As I mentioned in my last post I'm working on a data-processing pipeline, and have spent the last couple days investigating why the performance (records/second) of a particular pipeline stage drops off like it does.
The software we're working on analyzes bibliographic records and creates a representative sample. Our users create mappings between one XML schema and another. They have to go through much fewer iterations if they've got a good sample to work with. And iterations are much shorter if they can test their mapping against a sample that's <500 records, rather than 16+ million records.
The oddly performing pipeline stage normalizes XML entities by replacing them with a numeric reference to their Unicode equivalent. Yeah, the DTD should do that... but it doesn't help when the data provider escapes the entities. Or when their DTD replaces the entity... with the entity... argh.
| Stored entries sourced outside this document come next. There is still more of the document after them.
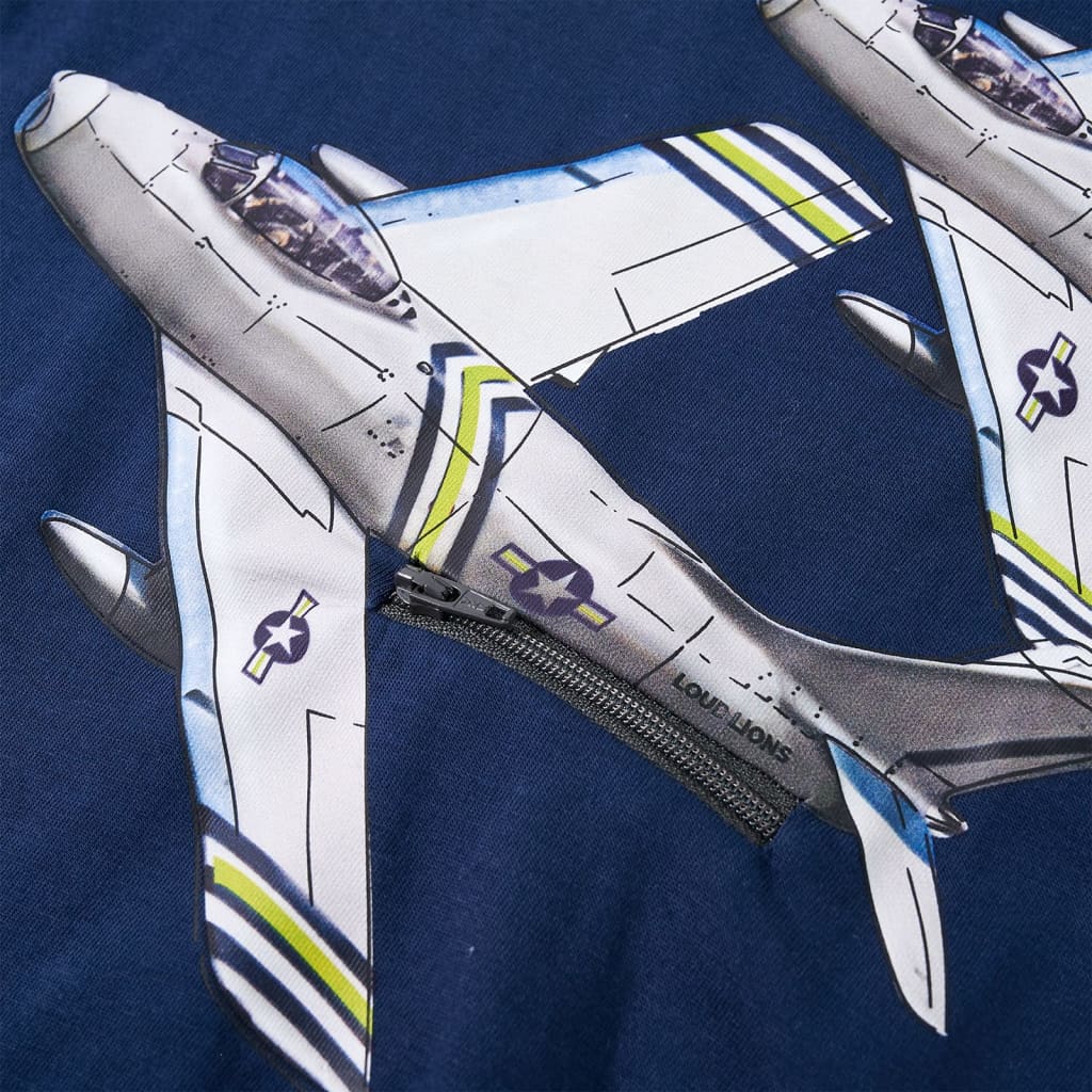 Αυτό το παιδικό μπλουζάκι έχει μακριά μανίκια, στρογγυλή λαιμόκοψη και ίσια εφαρμογή. Αυτό το μπλουζάκι σε ναυτικό μπλε χρώμα έχει σχέδιο αεροπλάνα. Το παιδικό μακρυμάνικο μπλουζάκι είναι κατασκευασμένο από 100% βαμβάκι για να είναι απαλό και άνετο.
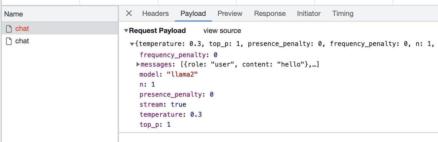 If you encounter any issues, you can also open the console in Obsidian to check the parameters of the HTTP request initiated by If you encounter any issues, you can also open the console in Obsidian to check the parameters of the HTTP request initiated by Obsidian. Here you can see that the model name matches the name in the configuration, so if it is filled in incorrectly, it will not work.
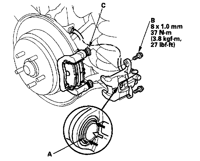 11. Install the caliper into position. Install the flange bolts (B), and torque them to the specified torque while holding the pin (C) with a wrench being careful not to damage the pin boot.
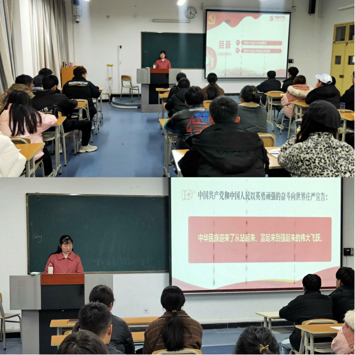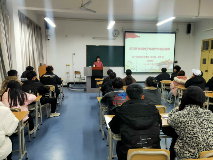 2021年12月9日下午在江北校区1321教室,Bsports必一体育员工第一党支部召开党员大会,党支部书记程晓梅讲授了主题为“学习贯彻党的十九届六中全会精神”的专题党课,党支部所属党员、发展对象和入党积极分子参加了党课学习。
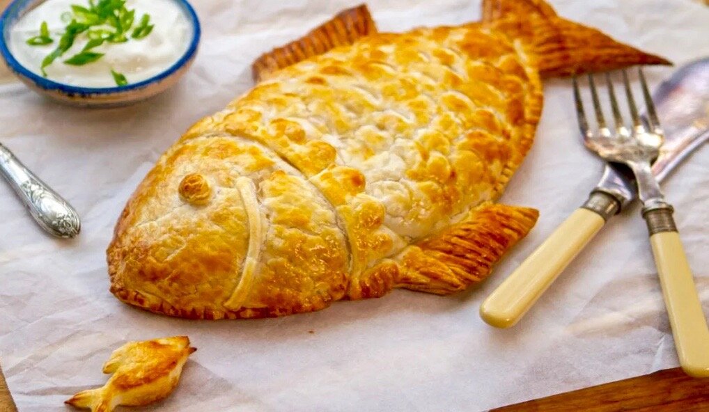 Кулебяка с красной и белой рыбой, приготовленной в соусах, нежными блинчиками и аппетитными дополнениями. Настоящий царский рецепт. Русский шик для вашего праздничного стола.
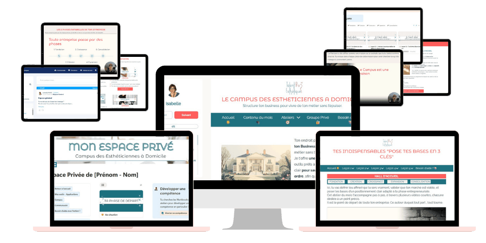 👉 L'espace membre des esthéticiennes à domicile ou installée chez elle (coin cabine, pièce dédiée, home studio…), pour développer leur activité avec une méthode simple et sur-mesure, sans sacrifier leur vie perso. 👍
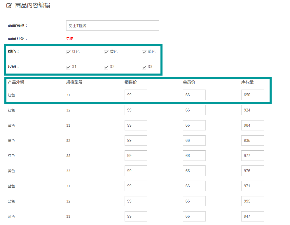对每一项商品规格进行单独的销售价格和库存数量的设置,如下图;
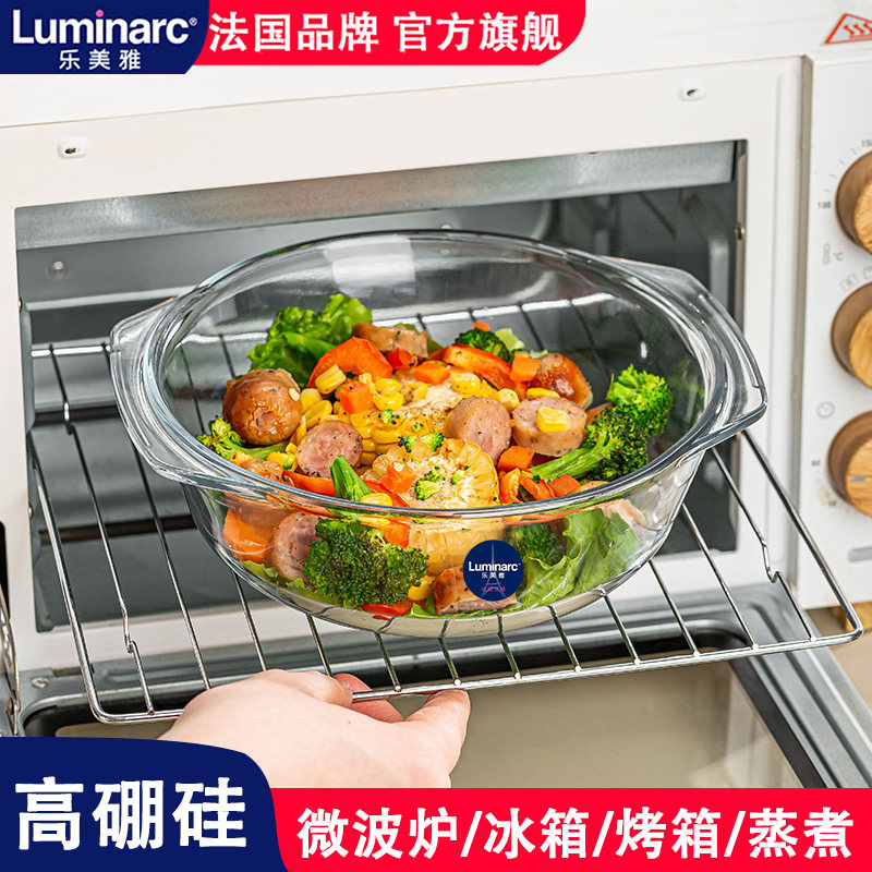 乐美雅高硼硅玻璃碗家用带盖双耳泡面碗汤碗耐高温微波炉专用汤煲
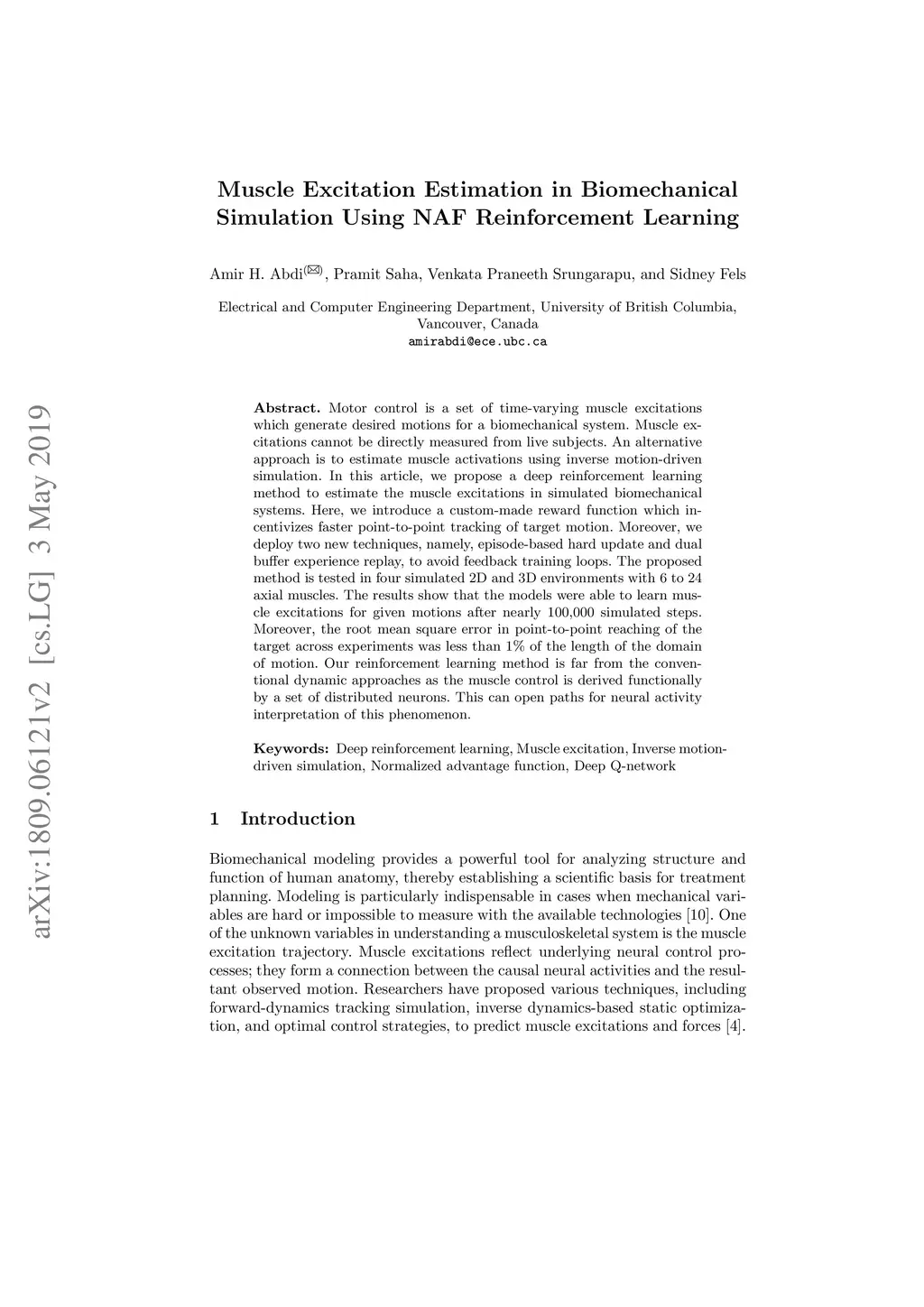 Muscle Excitation Estimation in Biomechanical Simulation Using NAF
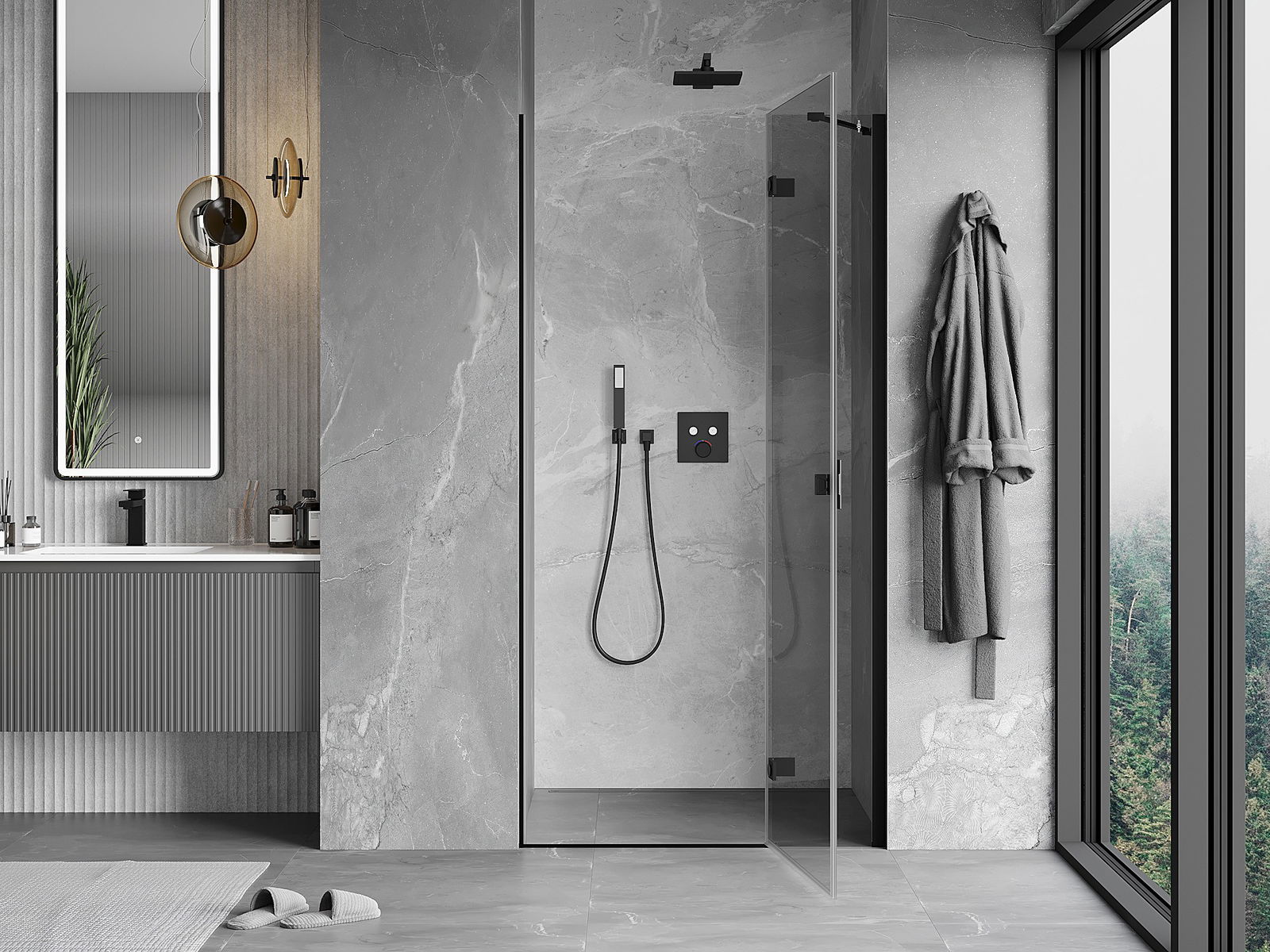 Удобната и практична дръжка е изработена от здрав и устойчив метал. Модерната форма в съчетание с покритието, съответстващо на цвета на профилите, придава на цялото модерен и стилен вид, подчертавайки естетиката на всяка баня.
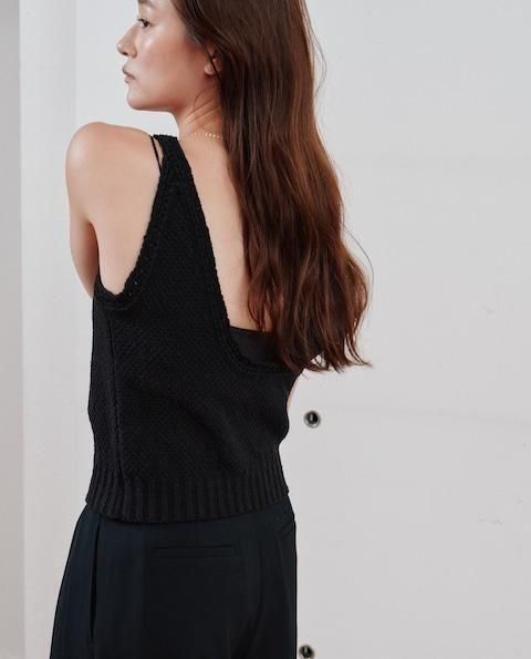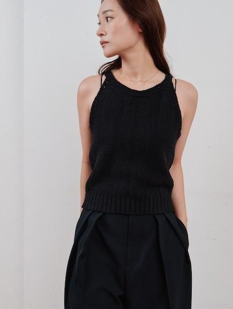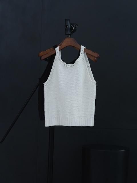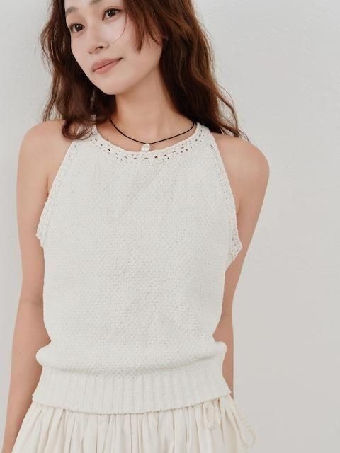 繊細な編み模様が印象的なサマーニットタンクトップ。

The graph below shows the records/second performance of three stages of a pipeline (y-axis). The x-axis is time. The yellow nodes are each file's entity-replacement performance. The blue nodes are the files getting split into 5000-record chunks and inserted into a Marklogic database. The pink nodes are each 5000-record chunk being analyzed. The first 500 or so files all have 30,000 records; the rest of the files are daily updates that vary in size -- that's why the tail end of each gets a little kooky.The initial steep drop-off for the first few files was understandable. It's one of the first stages of the pipeline, and the threads doing entity-replacement don't have to compete for I/O with other pipeline stages until the following stages have entity-replaced-output to work on. But the continued decline made me worry that there was a problem in the code.
Reviewed the code. Each file is getting processed by its own thread. Each thread should create SAX handling objects that aren't shared between threads. No static fields or other stuff to interact between threads...
But! I notice that the SAX handler uses a StringBuffer to accumulate a records-worth of text as it replaces entities. When endElement is reached it calls sbuf.setLength(0), which my fancy new book learnin' suggested could cause memory/performance problems.
And I set off on my non-adventure....
There are four series on the graph above.
- Dark blue is the original run.
- Pink is the result of replacing sbuf.setLength(0) with sbuf = new StringBuffer(). No fabulous improvement. Stupid book learnin'.
- I decide that 'new StringBuffer()' meant that memory is getting re-allocated from initial the default StringBuffer size, which isn't as efficient as it could be. Yellow is the result replacing sbuf = new StringBuffer(INIT_LENGTH). INIT_LENGTH is a couple thousand bytes. Still no major improvement.
- Re-review the code. Realize that the FileInputStream/FileOutputStream objects aren't wrapped with BufferedInputStream/BufferedOutputStream. The light blue nodes are the result of changing that... Still no major improvement. I assume this was because these input files are in Zip files, and output to GZIP files -- so were already buffered (I did increase their buffer sizes along with adding the buffering to the uncompressed-file handling).
I fiddle with my statistics exporting code to include the file-size in the exported spreadsheet.
*@$*&!
And the KB/second graph looks like:Moral of the story: Get the most complete picture of a performance problem you can, and don't be swayed by the kooky little performance trivia you read.